The theme that most teams at Hack Engine were interested in, and which I am also most interested in, is "general knowledge management." GPT itself is a language model and lacks logical reasoning ability, while human knowledge actually exists in various logical relationships. The proposition "the Earth is round" is not important; the proposition "gravity causes the Earth's matter to gather towards the center, thus forming an approximately spherical Earth" is important. Epistemology defines knowledge as Justified True Belief (JTB), meaning knowledge must meet the following three conditions:

Someone believes something;
This belief is indeed true;
This belief is justified.

None of the three conditions can be missing. Here are a few counterexamples: gravity causes the Earth's matter to gather towards the center, thus the Earth becomes a bagel (the belief is false); because there is a hamster running on a wheel inside the Earth, the Earth is round (the justification for this belief is wrong).

GPT stands for Generative Pre-Trained Transformer, and it is a "large language model." The launch of ChatGPT seems more like a temporary move to capture user attention and data, and it doesn't necessarily mean that the best form/application of GPT is "conversational." Now everyone is doing conversation, and I think we have been led astray by OpenAI. Additionally, as mentioned earlier, GPT lacks logical reasoning ability, so asking GPT knowledge-based questions is unwise. I'm sure everyone has seen GPT seriously spouting nonsense (hence GPT is also known as "nonsense machine").

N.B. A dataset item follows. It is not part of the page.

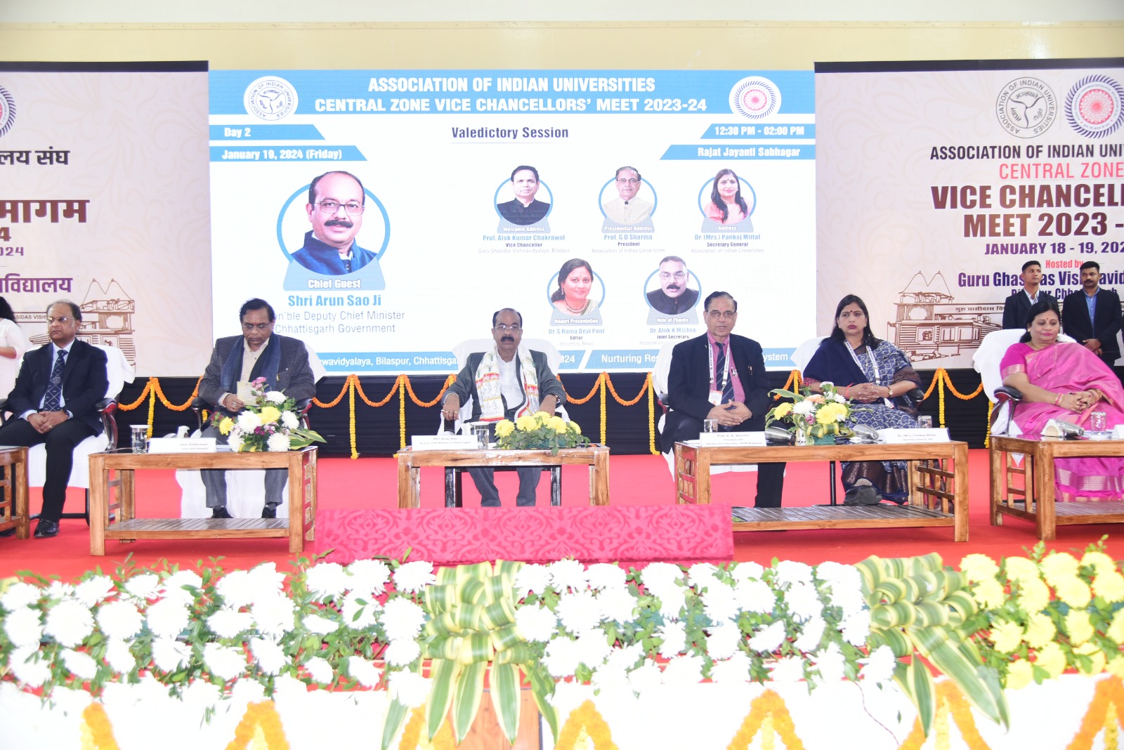समारोह के मुख्य अतिथि श्री तत्पश्चात मंचस्थ अतिथियों को शॉल, श्रीफल से सम्मानित करते हुए स्मृति चिन्ह भेेंट किया गया। अंत में डॉ. आलोक मिश्रा, संयुक्त सचिव, भारतीय विश्वविद्यालय संघ ने आभार प्रदर्शन किया। कार्यक्रम का संचालन डॉ. गरिमा तिवारी, सहायक प्राध्यापक, वानिकी विभाग ने किया। कार्यक्रम में विभिन्न विश्वविद्यालयों के कुलपति, गुरु घासीदास विश्वविद्यालय के अधिष्ठातागण, विभागाध्यक्षगण, शिक्षक एवं छात्र काफी संख्या में उपस्थित रहे।

On the other hand, I personally believe GPT is very suitable for "content processing and generation under limited information," such as all the original information for Flaneur being provided by us; for example, first help me filter through the Read it later list; for example, generate a summary of an article (the TL;DR at the beginning of the article was written by GPT); for example, help me automatically establish associations in my knowledge base (actually, it only needs embedding); for example, generate a new article based on the fragmented information I wrote, etc...

I call these "general knowledge management," a theme I am very interested in and passionate about. Friends who are also interested in this theme are welcome to communicate!

1476px-Pieter_Bruegel_the_Elder_-The_Tower_of_Babel(Vienna)_-_Google_Art_Project.jpg

Building a giant spirit for humanity

Ending#

The entire Hack Engine was very compact, and the demo was completed on time or even ahead of schedule, with results announced on Monday night. Flaneur was not selected, which still feels a bit regrettable. However, we thoroughly enjoyed the process itself over these two days, spending an unforgettable weekend; the weather in Shanghai has been great these days, and the weather forecast initially predicted rain, but *** it turned out to be sunny!

Shanghai always gives me a similar feeling: a beautiful beginning and process, leaving some regrets at the end.

Anyway, I am very grateful to my team, and extra thanks to @York for coming from Hangzhou to participate (we actually forgot to take a group photo TAT)

I would like to especially thank the organizing team at Jike; we had an almost perfect experience on-site, encountering no issues at all, completely unlike a first-time event. Hack Engine also paid great attention to details, such as the competition certificates being specially designed; such details, wow.

More advanced than Byte's employee badges, wishing Jike Company a speedy acquisition by ByteDance.

Although we were not selected, Flaneur was still widely liked, and many friends asked me if Flaneur would continue to be developed, which made us very happy. To be honest, we haven't figured it out; making a demo and making a real product are quite different, and whether the existing technology can meet our expected effects also needs further research. Our team is also facing some difficulties, making it hard to spare energy and resources to create a new product.

Anyway, if you also like Flaneur, please don't hesitate to let us know with your compliments!